But they could no more leave Kirabai than Runa could sing. It wasn’t in them — or maybe it was, but they were too crippled by custom to try. Inheritance was all that counted, even when all the ancestors bequeathed was a list of whom to hate and whom to blame for every stroke of ill fortune in the past twelve generations. No fault is ever found within, Supaari thought, listening to them. None among us is dull or inept or shiftless. We are all powerful and triumphant, but for the ones above us.

The chants began as the light of second sundown burned away, voices raised in ancient harmonies as the neighbors left for home and his brothers prepared to sleep. Supaari’s earliest memories were of hearing these songs at sunset, chest tight, his throat gripped by silence. The truest beauty he had known as the founder of a new lineage was joining the Inbrokar choirs at sunset; it was a joy surpassing even the announcement of Jholaa’s pregnancy.

He now held legal right to take the part of Eldest, but on this evening, Supaari was as silent as the Runa domestics cowering in the kitchen. I will sing again, he promised himself. Not here, not among these benighted, spiteful fools. But somewhere, I will sing again.

HE BOARDED THE BARGE THE NEXT MORNING LIKE A MAN SNEAKING OUT of a city on the rumor of plague: fortunate to escape, but full of contemptuous pity for those left behind. Paquarin, distressed by the hostility around her, had begged him not to make her go further, so he’d endorsed her travel permit and left her with enough money to stay in Kirabai until the next northbound barge went by. With his last three hundred bahli, he bought the VaKashani Runao’s labor from Enrai, promising the girl that he’d return her to Kashan if she’d take care of the baby for him until he found a permanent nursemaid.

"This one is called Kinsa, lord," she reminded Supaari after a few quiet hours on the barge, touching both hands to her forehead. "If it is pleasing to you, lord, may this useless one know the baby’s name?"

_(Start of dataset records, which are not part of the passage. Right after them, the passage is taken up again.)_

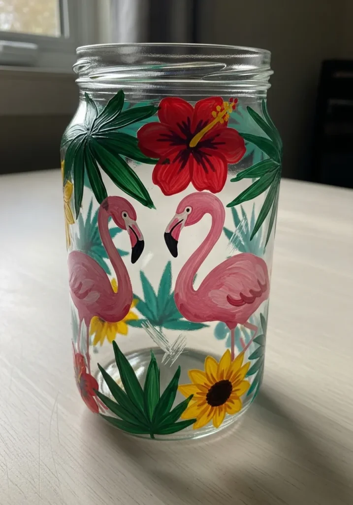 This vibrant glass jar captures a sun-drenched vacation mood with its pair of graceful pink flamingos facing one another. The design is framed by lush, deep green palm fronds and oversized hibiscus blooms in a bold, primary red. To add even more sunshine, bright yellow sunflowers are tucked around the base, creating a multi-layered botanical look. The paint is applied with visible, sweeping brushstrokes that give the feathers and petals a lovely hand-painted texture, making the clear glass feel like a high-end piece of tropical decor.
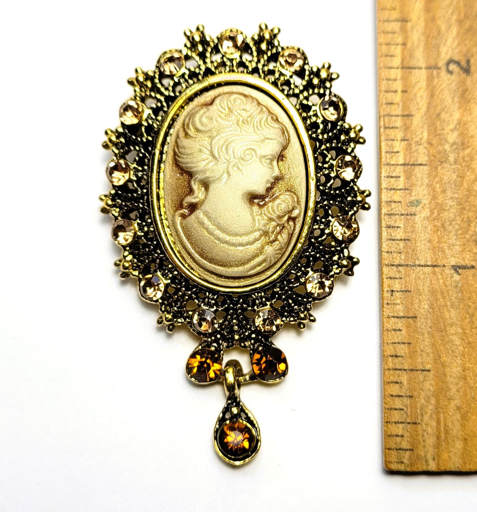 BROOCH, WITH FILIGREE SETTING AND AMBER COLORED CRYSTAL EMBELLISHMENTS. JEWELRY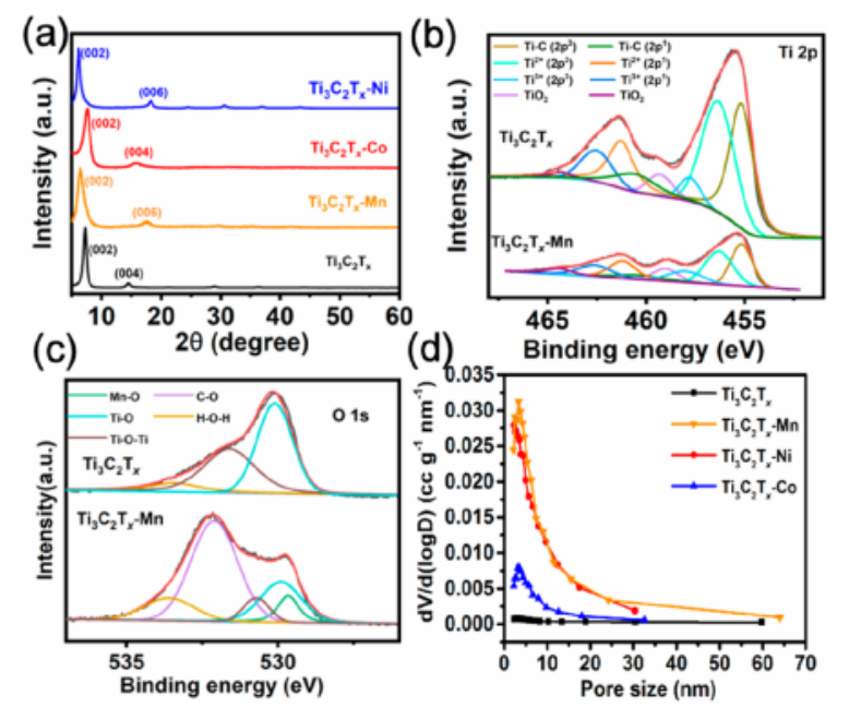 MXenes通常用于能量存儲應(yīng)用。然而,大的納米片和重新填充不利于離子擴散,從而限制了其速率能力。在這里,一種制備柔性多孔MXene−M超級電容器電極的策略可以同時擴大層間的層間距并在層中形成孔。結(jié)果表明,Ti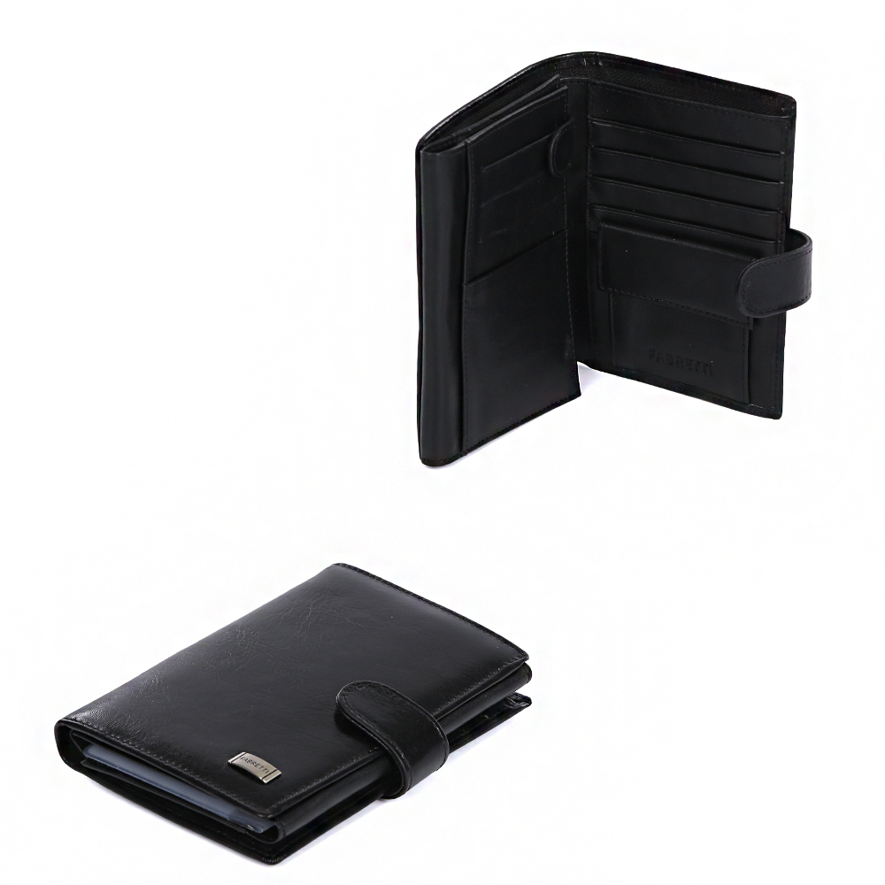 Классический мужской кошелек от итальянского бренда FABRETTI выполнен из натуральной гладкой кожи с невероятно мягкой фактурой. Насыщенный черный оттенок, фурнитура под серебро и лаконичный дизайн превращают модель в элегантный аксессуар, который подчеркнет вашу статусность и утонченный вкус. Внутри изделия находятся два отделения для купюр, также Вы сможете носить свой паспорт и документы с помощью удобного отсека. Кошелек очень вместителен: вы с легкостью расположите все ваши дисконтные и кредитные карты с помощью 12 отделений и сможете хранить денежные монеты с помощью кармана на кнопке.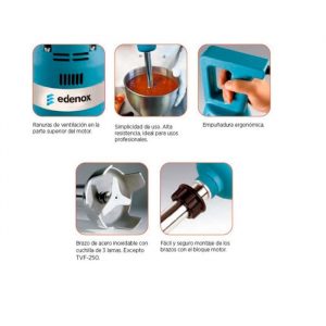 El Triturador Compacto TVF-250 de Edenox, ligero y manejable, permite preparar potajes, sopas, purés de verduras y salsas.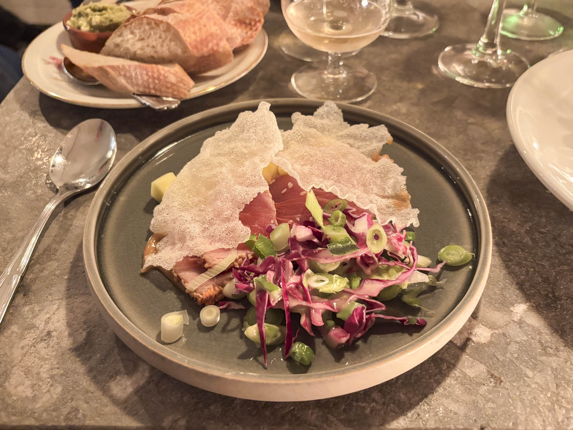 Lynstegt tun vendt i sesam, serveret med grønt tilbehør og Juliettes egen sauce sashimi, som gav en syrlig balance i retten. Tunen var imponerende mør og smørblød. Den var ikke kold, men stuetemperatur, som den skal være.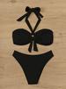 Solid Color Halter Strap Tube Top Sexy Bikini Split Swimsuit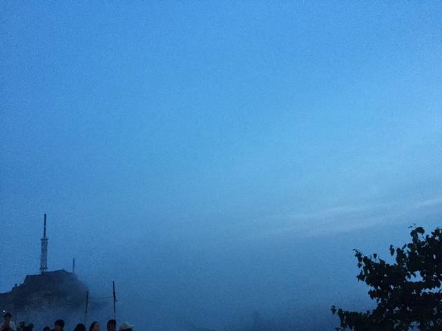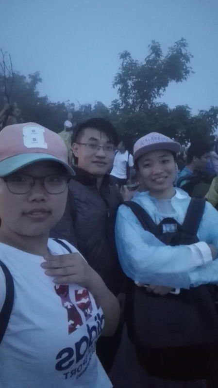 我们一直爬,中途歇了3、4次,然后到了一个休息集中地,原以为这边就是观日之处,然后小贩们说前面门关了,不让向前走,在这边租大衣休息!然后先到的俩人租了2个大衣,还送了个防潮垫,10元一个。本来爬山就是体力活,这一路,大部分男的赤膊上阵,汗流浃背!7月正好夏天,我在山顶还赤膊呢,后来歇了一会,套了件外套,就不感觉冷了!如果有人从山下租个大衣上来,我只能佩服他的勇气了!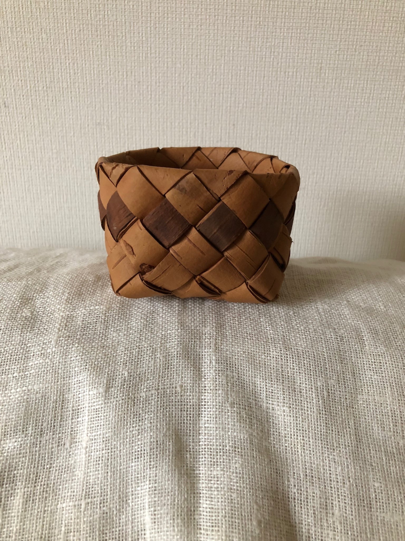 時を経たヴィンテージの白樺の風合いが素敵な一品です。 こちらは、真ん中だけ、色が濃い皮で編まれており、模様のようになっています♫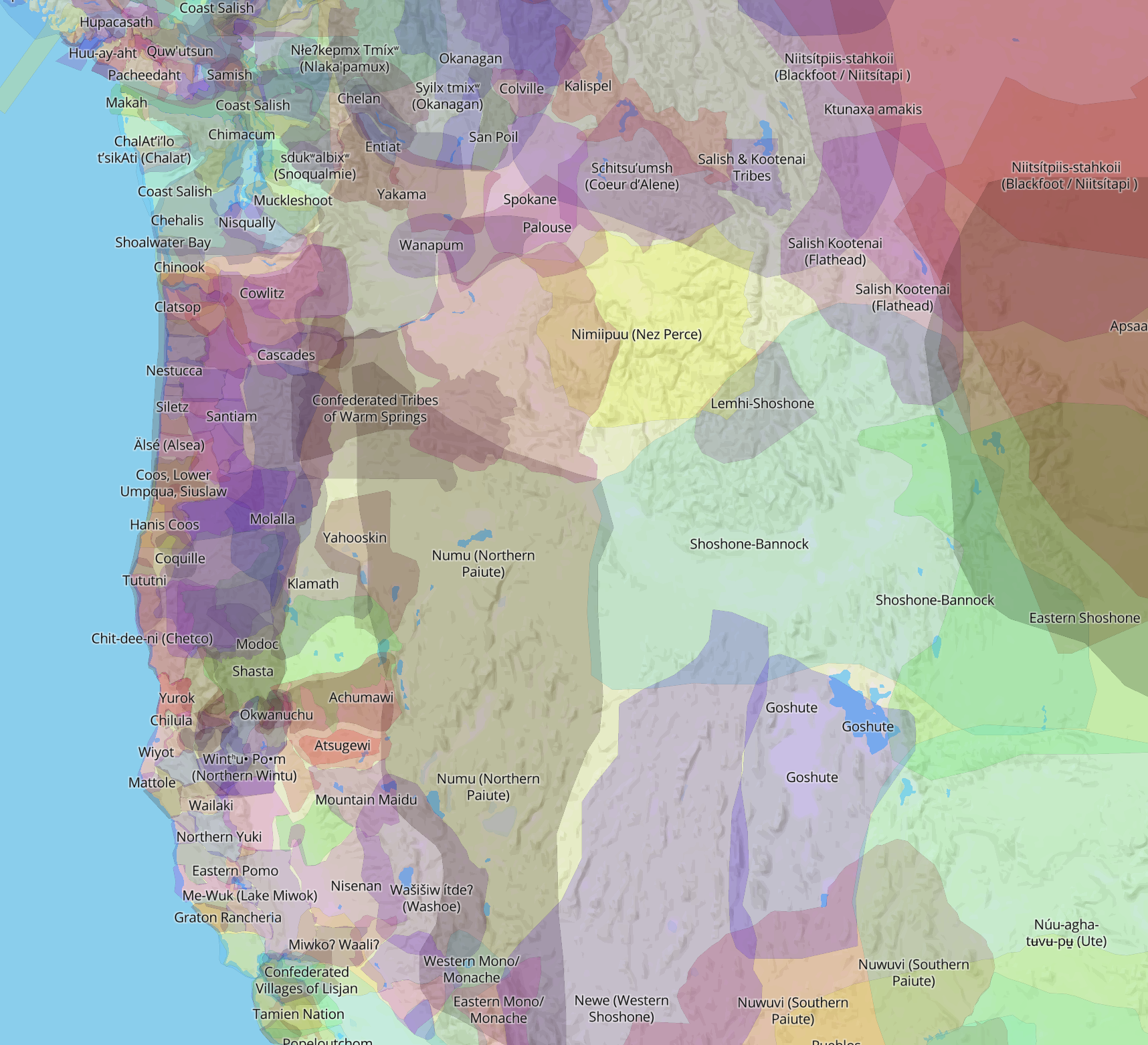 8. While quite clearly being explicit about its ability to “represent or intend to represent official or legal boundaries of any Indigenous nations,” and directing all interested in determining exact boundaries to consult the nations it maps, is there not a bit of an abdication of responsibility in putting such an admittedly glorious bouquet of pastels online as if they suggest a vision of comity, as much as there is something deeply valuable in having such an easily compiled online resource for mapping North America, and a clear reluctance to not hesitate to indicate the ways boundaries often overlap.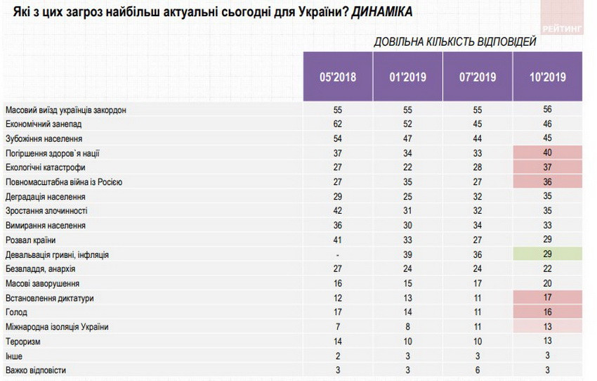 Найбільшою загрозою для України сьогодні респонденти вважають масовий виїзд українців закордон (56%). Близько 45% загрозами вважають економічний занепад та зубожіння населення. Від 30% до 40% вважають загрозами погіршення здоров’я нації, екологічні катастрофи, повномасштабну війнуРосією, зростання злочинності, деградацію та вимирання населення. Від 20% до 30% – розвал країни, девальвацію гривні, безвладдя та масові заворушення. Від 13% до 17% загрозами вважають встановлення диктатури, голод, міжнародну ізоляцію України та тероризм. За останні три місяці відчутно зросла актуальність таких загроз як погіршення здоров’я нації, екологічних катастроф, війни з Росією. Натомість знизилась загроза девальвації гривні, інфляції.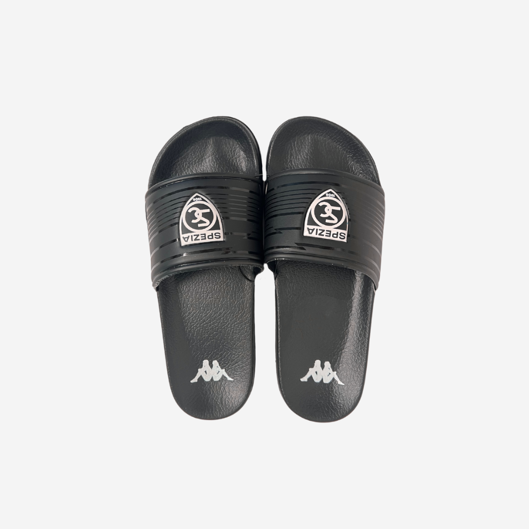On the footbed of the flip-flops you will find a graphic of the team, while on the lace is printed the distinctive Kappa lettering and the word Spezia.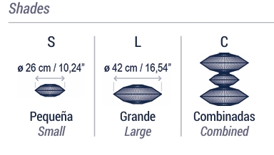 Länge: Lampe 101cm, Gesamtlänge max.200cm, Ø 26cm und Ø42cm im Wechsel kombiniert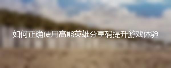 以上就是为大家带来的如何正确使用高能英雄分享码提升游戏体验。希望通过本文的介绍,你能更好地利用分享码,享受游戏乐趣。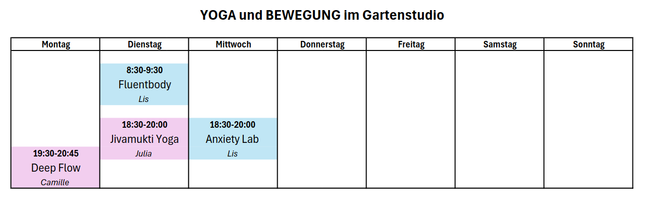 Treffpunkt ist 15min vor Kursbeginn im Yogaraum im Gartenstudio.

Why am I so different? he had been thinking, blunted hands resting on the rail as he watched the river. All the world thinks one way and I think another. Who am I to judge it wrong? At the girl’s words, he turned. "Kinsa—of course! Hartat’s daughter." Her scent had changed since he’d met her last. "Sipaj, Kinsa," he said, "you’ve grown."

She brightened at the sound of her own language, and her natural cheerfulness reasserted itself. After all, Supaari VaGayjur was known to her from birth, had traded with her village for years; she trusted him. Lucky child, he thought for one wistful moment. Your people will be happy to touch you again.

"Sipaj, Supaari, what shall we call this little one?" Kinsa pressed.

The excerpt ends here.